Маркиз опять сплоховал. Мою попытку сгладить конфликт он принял за проявление слабости и решил развить успех.
– Стало быть, милостивый государь, – я медленно отодвинул от себя столовые приборы, – вы полагаете, что я происхожу из плохой семьи, получил дурное воспитание и не способен отличить приличное блюдо от неприличного? Полагаю, назрела необходимость проверить, как у вас в семье обстояли дела с фехтованием.
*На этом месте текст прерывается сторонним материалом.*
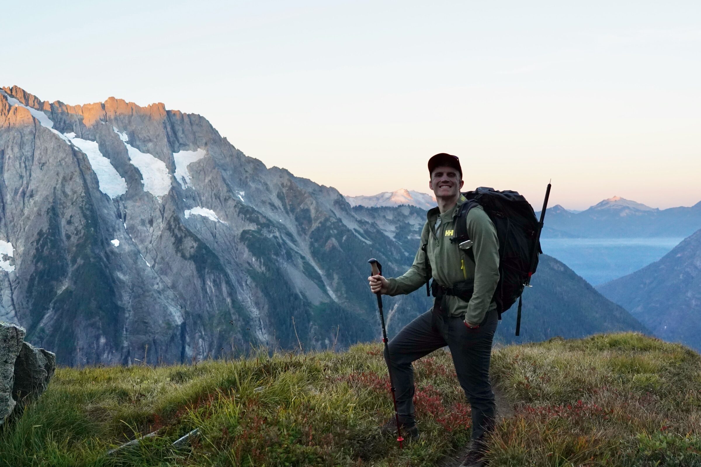 Testing Helly Hansen’s durable, weather-resistant Cascade Shield Jacket on a perfectly appropriate mountaineering trip in the Northern Cascades; (photo/Heather Rochfort)

Я поднялся из-за стола и неспешно стал натягивать перчатки. Противник же мой сильно побледнел и заерзал на своем месте, бросая по сторонам испуганные взгляды. Весь его боевой пыл, все высокомерие испарились в один миг, и сейчас он судорожно метался между страхом за свою жизнь и желанием сохранить честь. Раньше нужно было думать. Очень не люблю таких людей, очень.
– Ну что же вы, сударь, как там ваше имя? – видя, что маркиз не торопится принимать вызов, я двинулся к его столу.
– М-маркиз де Аламеда, – скорее проблеял, нежели проговорил маркиз, неуклюже поднимаясь на ноги.
– Шевалье Орлов, – я нахлобучил на голову шляпу, – к вашим услугам. Пройдемте, маркиз!
– Я… Я никуда не пойду, – пролепетал Аламеда себе под нос.
– Что вы там шепчете, милостивый государь? – я нарочно разговаривал громко, потому что, раз уж дело у нас принимало такой оборот, нужно добиться, чтобы весь трактир слышал наш разговор. Чем больше будет свидетелей, тем меньше шансов у маркиза избежать дуэли. Если, конечно, он не предпочтет бегство. Но в таком случае его имя покроется несмываемым позором, путь в трактир ему будет заказан и моя цель будет все равно достигнута. – Если вы, сударь, имеете смелость оскорблять дворянина, то имейте смелость и отвечать за свои слова! Извольте сейчас же пройти со мной на улицу и обнажить шпагу, иначе я выволоку вас отсюда за воротник!
– Не слишком ли громко сказано, господин ориосец? – прошипел взбешенный маркиз.
– Сказано человеком, не привыкшим сносить оскорбления! – ответил я.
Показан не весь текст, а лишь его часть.